When I get a YML file containing Japanese characters from github using Autofetch, the characters are garbled. The YML file is in UTF-8 character code. Even if the file does not contain Japanese, characters with diacritical marks are garbled.
In addition to garbled characters, line breaks are also lost.
How is the character encoding handled when using Autofetch?
I can probably use runCommand to do the same thing as with Autofetch, so there is no practical problem. But it would be easier to use Autofetch if it is possible to get the file in UTF-8 format.
This is internal and not publicly documented. Thank you for offering up a test file—I can confirm I see the same effect.
I see two other oddities:
If $AutoFetch is true I believe $ReadOnly should automatically be set to true. It isn’t. I’m not sure if this is a change or glitch.
The fetched text is being inserted in a font not recognised by the OS Fonts palette. Doing a rich copy/paste to a default TextEdit document I get the font reported as ‘Times’ [sic] 12 pt. however, my system lists no such font and it appears to not be Times New Roman.
If I set $Text to use a monospace font, the AutoFetch still over-rides that.
Experimenting downloading other data formats e.g. .txt, .xml, .html I get differing results. HTML is imported using the the inline HTML & CSS styling (external CSS files are not honoured). An RSS XML feed results in the code shows in ‘code’ monospace front despite this not being the receiving note’s $TextFont.
It would appear that AutoFetch either doesn’t understand (or forgot how to) treat ‘.txt’—and unknown types such as YAML—and uses some default likely dredged from the underlying framework.

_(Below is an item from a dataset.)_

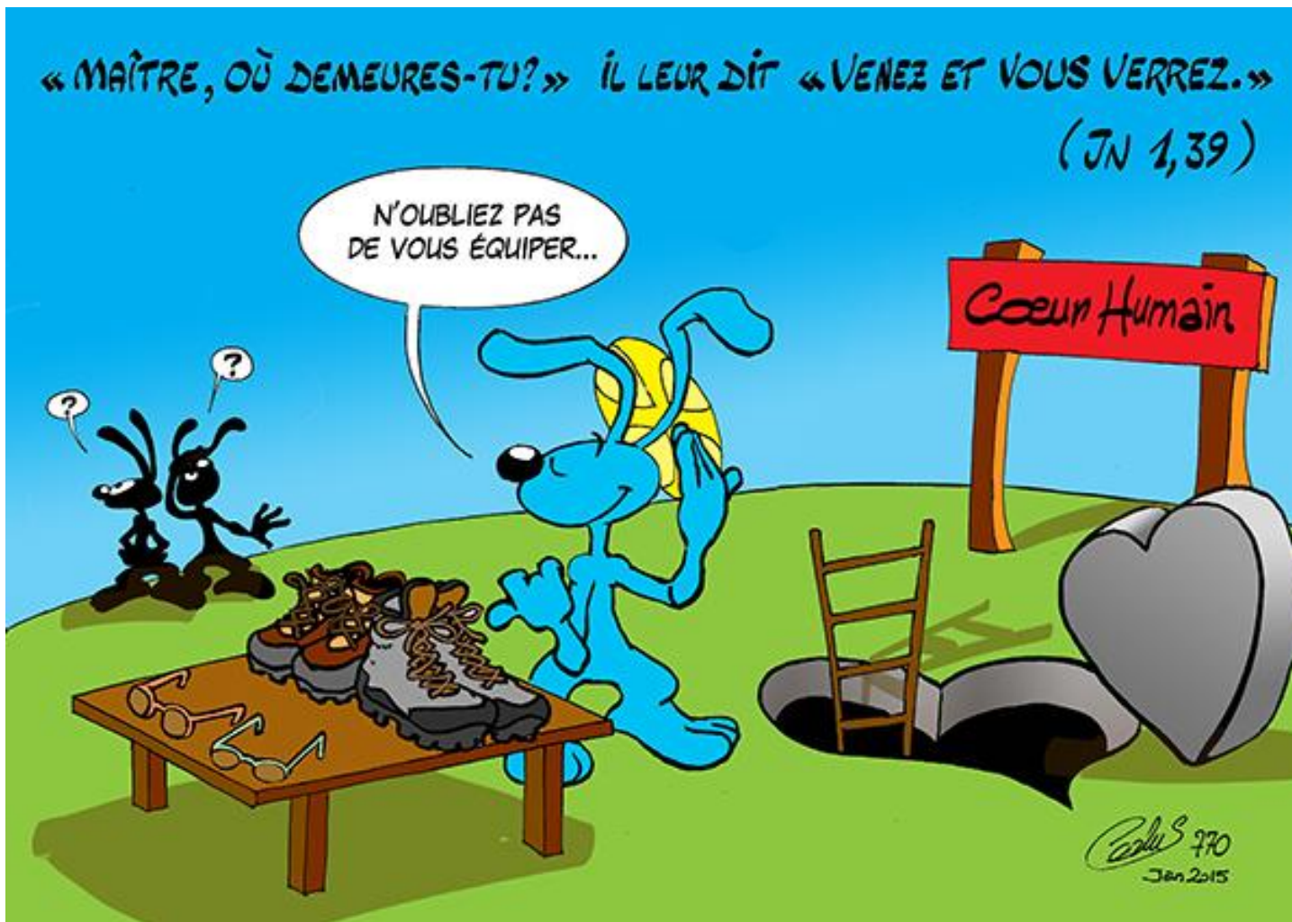
© Illustration : Coolus, le lapin bleu, disponible sur http://lapinbleu.over-blog.net/

Why valid UTF-8 non-roman characters are being mis-encoded, I’ve no idea.
I think this is one for @eastgate as it is ‘under the hood’ of the app where we fellow users here can’t see.
If I copy paste the autofetched $Text in Tinderbox, and paste to BBEdit, it also reports as UTF* text with LF line ends. I’m not sure where the HTML , that you show above, comes in.
If I recall, autofetch was originally added to do things like recover web pages or RSS feeds so perhaps no wonder Tinderbox understands them better.
I also downloaded it with curl and checked it with vscode and it was the same (UTF8 with LF line ends).
The screenshot is from the YML file link displayed in the Web Inspector.
(I’m sorry if I am not understanding what you wrote correctly.)
No, we’re on the same page . Clever modern web browsers have ‘HTML-ised’ the render of the YML content, given a false tell back implying HTML tags in the source content. As you note the ‘real’ content is plain UTF-8 text with no HTML tags. However, this does usefully show how sometimes, when investigating, it can be hard to have a clear sight of the real source format.
Anyway, Eastgate now know of the problem, so we don’t need to report further
The next backstage release corrects the handling of text encoding and whitespace when autofetching files that are note HTML documents. It will be available backstage shortly.
Question: the code for Autofetch has a special case for downloading files with the extension .xml . Does anyone recall the purpose for this special case?